There is another remarkable feature in this country, peculiar to the whole region through which the lower Mississippi flows which I can illustrate no better than by resorting to the idea of a ploughed field. As many of these intersecting furrows, or ravines, terminate with the ridges that confine them, near the river, with whose medium tides they are nearly level, they are inundated by the periodical effluxes, which, flowing up into the land, find a passage through other furrows, and discharge into some stream, that suddenly overflows its banks; or winding sluggishly through the glens, cut deep channels for themselves in the argillaceous soil, and through a chain of ravines again unite with the Mississippi, after having created, by their surplus waters, numerous marshes along their borders, and leaving around their course innumerable pools of stagnant water, which become the home of the lazy alligator,[11] and the countless water-fowls which inhabit these regions. These inlets are properly bayous. They radiate from the Mississippi, in the state of Louisiana, in countless numbers, forming a net-work of inlets along its banks for fifty miles on either side, increasing in numbers and size near its mouth; so that, for many leagues above it, an inextricable tissue of lakes and inlets, or bayous, form communications and passes from the river to the Gulf,[12] "accessible," says Flint, "by small vessels and bay-craft, and impossible to be navigated, except by pilots perfectly acquainted with the waters." The entrance of some of these bayous, which are in the vicinity of Natchez, is fortified against the effluxes of the river by _levees_, constructed from one highland to another; and by this means the bottom lands in the rear are protected from the overflow, and, when cultivated, produce fine crops of cotton. Inundations are also caused when the Mississippi is high, by its waters flowing up into the small rivers and creeks, whose natural level is many feet below the high water mark, till they find a level.--The water of these streams is consequently forced back upon itself, and, rising above its banks, overflows all the adjacent country.
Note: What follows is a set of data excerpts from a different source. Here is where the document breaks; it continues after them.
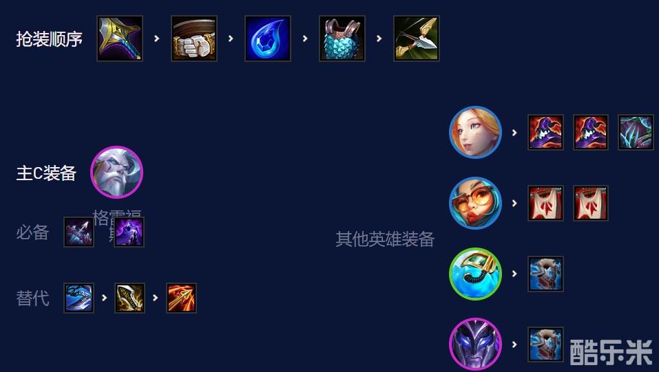 阵容必备装备:扎克圣盾,泽丽基克,男枪夜刃,萨勒芬妮高法强,必要时可以补鬼书让队友打减疗。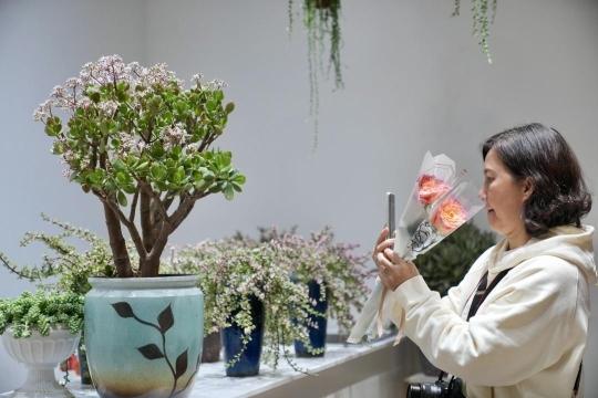 “好惊喜!没想到在北京路也能‘行花街’,不用等到春节也能感受广州花市的魅力。”来自天津的游客林女士说。1月8日傍晚,北京路“花城花街”花卉产业展销区揭牌亮灯仪式在北京路步行街南段举行。由鲜花、兰花、盆景、多肉以及省农科院、市园科院名优花卉品种组成的7个花房,1个展示厅,1个直播间正式迎客。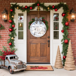 新款圣诞快乐门前标志圆形木牌圣诞主题冬季艺术家居室内户外装饰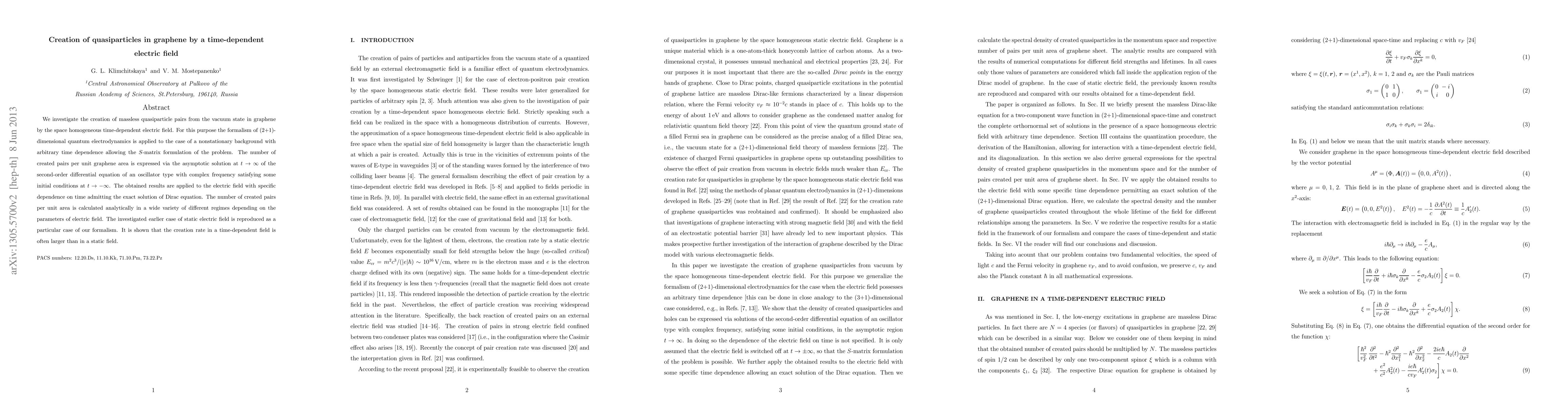 This paper explores the generation of massless quasiparticles in graphene induced by a time-varying electric field using 2+1-dimensional quantum electrodynamics. The study finds that the quasiparticle creation rate is often greater in dynamic fields compared to static ones, with analytical results applicable to various field configurations.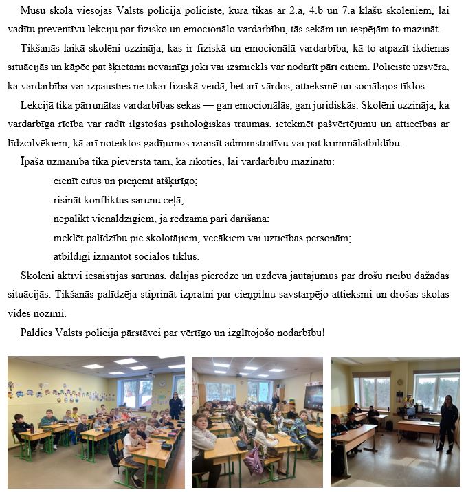 Valsts policijas pārstāves lekcija par drošību un cieņpilnām attiecībām skolā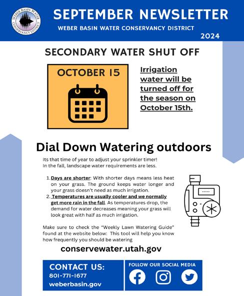 In addition to being the regional water supplier, WBWCD provides water conservation and rebate information, and year-round learning garden classes as well as other special events. This year, their Garden Spooktacular Event will be held at 2837 UT-193, Layton, Oct. 25, 2024, from 4 to 8 p.m. This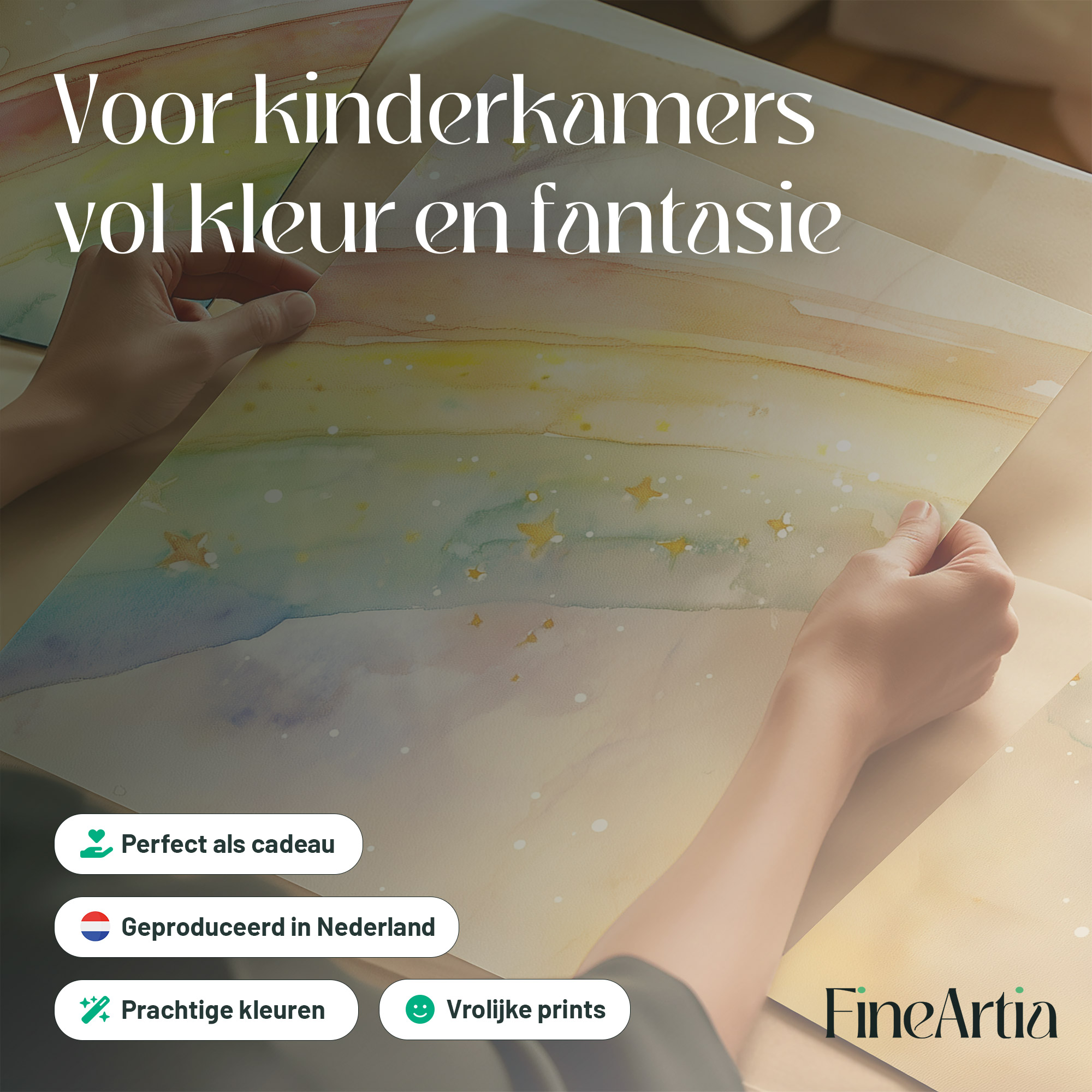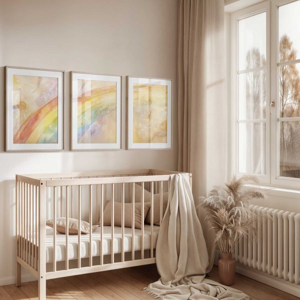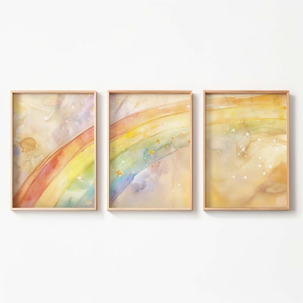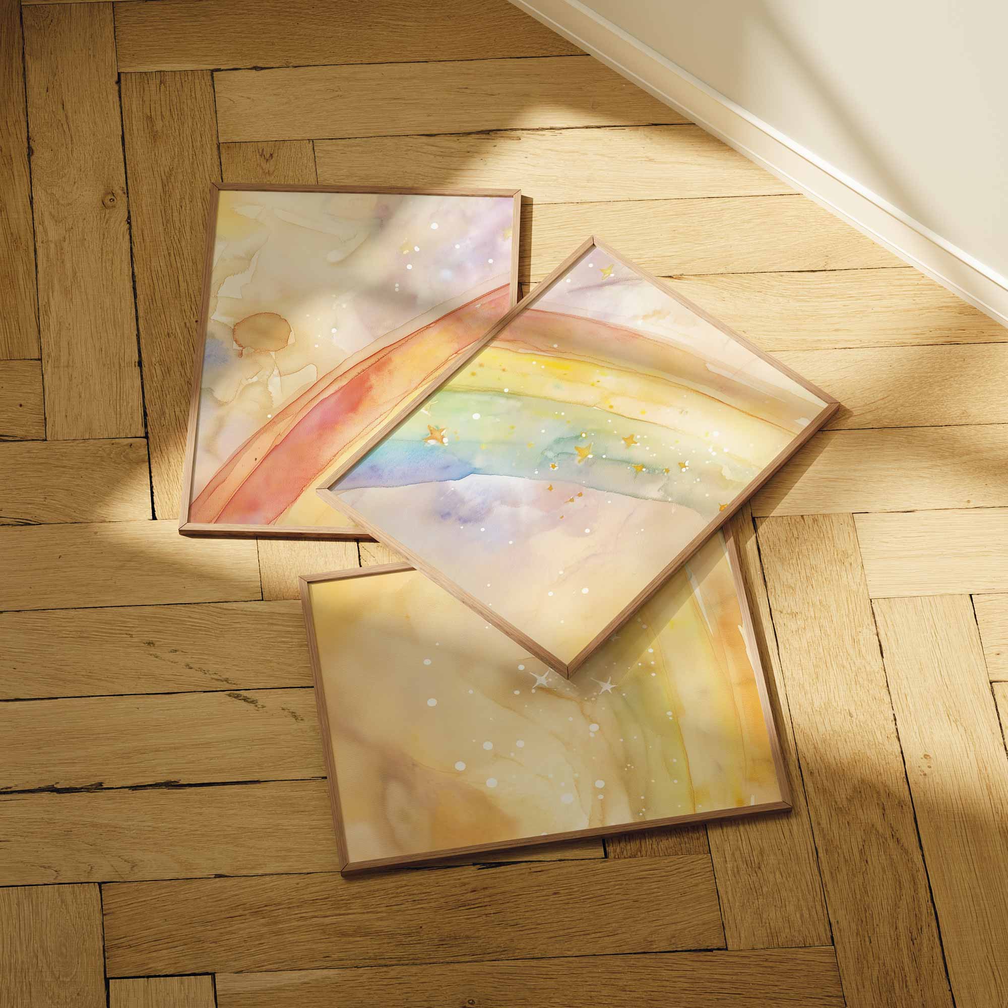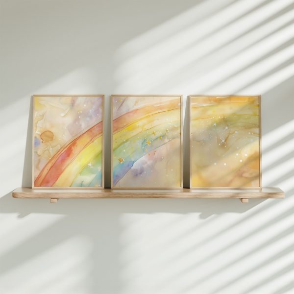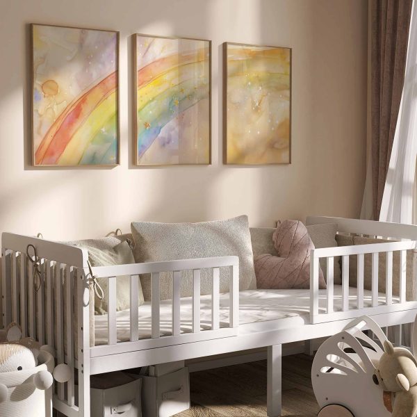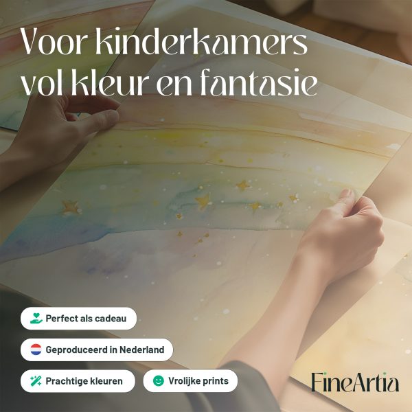 Terug naar collectie Posters Vrolijk Watercolor Regenboog met Sterren – Dromerig Sfeerbeeld

This "back-water," as it is termed, is more difficult to be resisted by levees than the effluxes of the bayous; and for the want of some successful means of opposing its force, some of the finest "bottom lands" in the state remain uncultivated, and covered with water and forest.
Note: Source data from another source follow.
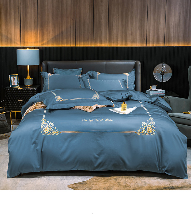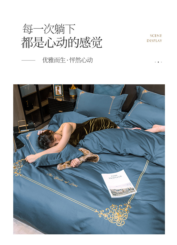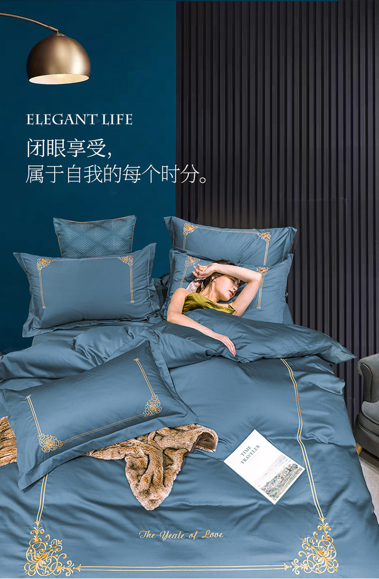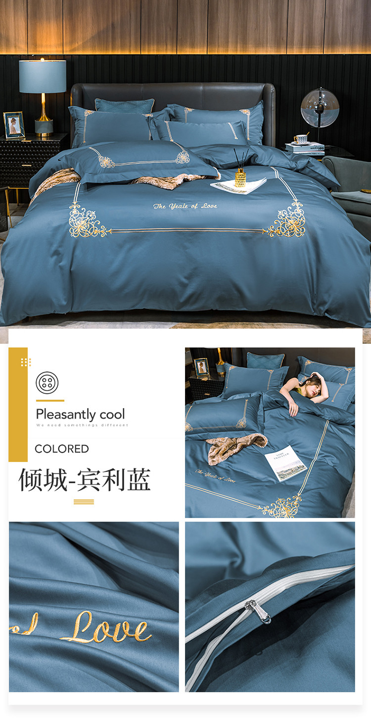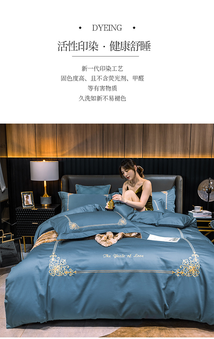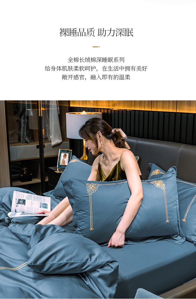慕色家纺2020新款欧式倾城全棉长绒棉刺绣四件套倾城-宾利蓝
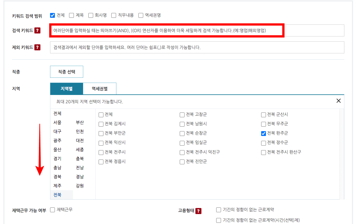 완주군일자리지원센터 페이지가 표시되면 상단 메뉴에서 채용정보 > 채용정보검색을 선택합니다. 검색 페이지가 표시되면 검색 키워드, 직종, 지역 등을 선택하고 스크롤을 내립니다.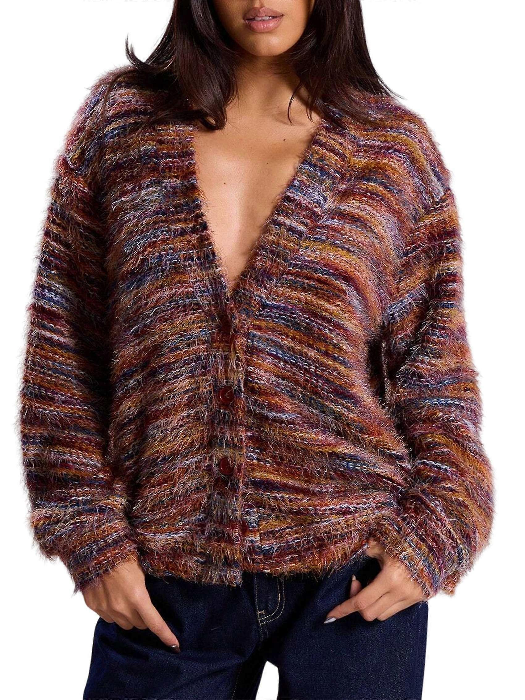 Women'S Oversized Striped Cardigan Sweaters Button Down Long Sleeve Drop Shoulder Knit Outerwear Coat Dark Red XL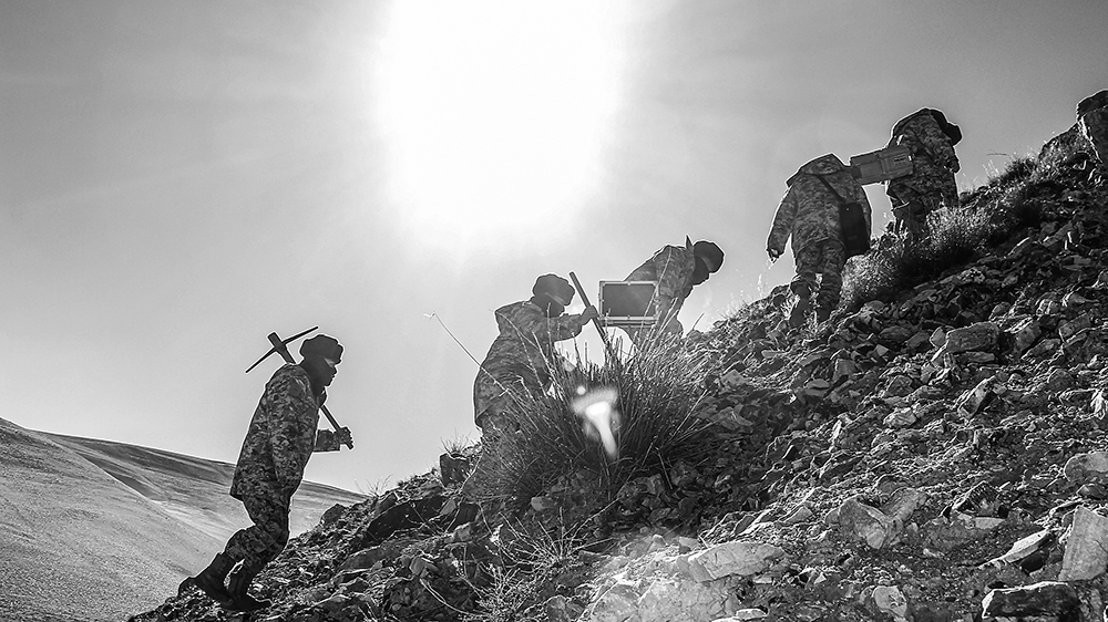 邛多江机务站战士巡线途中攀爬山坡。李文龙摄

The smaller rivers and streams in this state are wild and narrow torrents, wholly unlike those placid streams which flow through New-England, lined with grassy or rocky banks, and rolling over a stony bottom, which can be discerned from many feet above it, through the transparent fluid. Here the banks of the streams are precipices, and entirely of clay or sand, and cave in after every rain, which suddenly raises these torrents many feet in a few minutes; and such often is their impetuosity, that if their banks are too high to be inundated, they cut out new channels for themselves; and a planter may, not improbably, in the morning after a heavy rain, find an acre or more added to his fields from an adjoining estate; to be repaid, in kind, after another rain. In the dry season the water of these streams--which, with the exception of three or four of the large ones, are more properly conduits for the rain water that falls upon the hills, than permanent streams--is tolerably clear, though a transparent sheet of water larger than a spring, whether in motion or at rest, I have not seen in this state. After a rain they become turbid, like the Mississippi, impetuous in their course, and dangerous to travellers. Few of these streams are covered with bridges, as their banks dissolve, during a rain, almost as rapidly as banks of snow--so light is the earth of which they are composed--and the points from which bridges would spring are soon washed away. The streams are therefore usually forded; and as their beds are of the finest sand, and abound in quicksands, carriages and horses are often swallowed up in fording them, and lives are not unfrequently lost.

The roads throughout the state, with the exception of these fords, are very good, winding through fine natural scenery, past cultivated fields, and pleasant villages.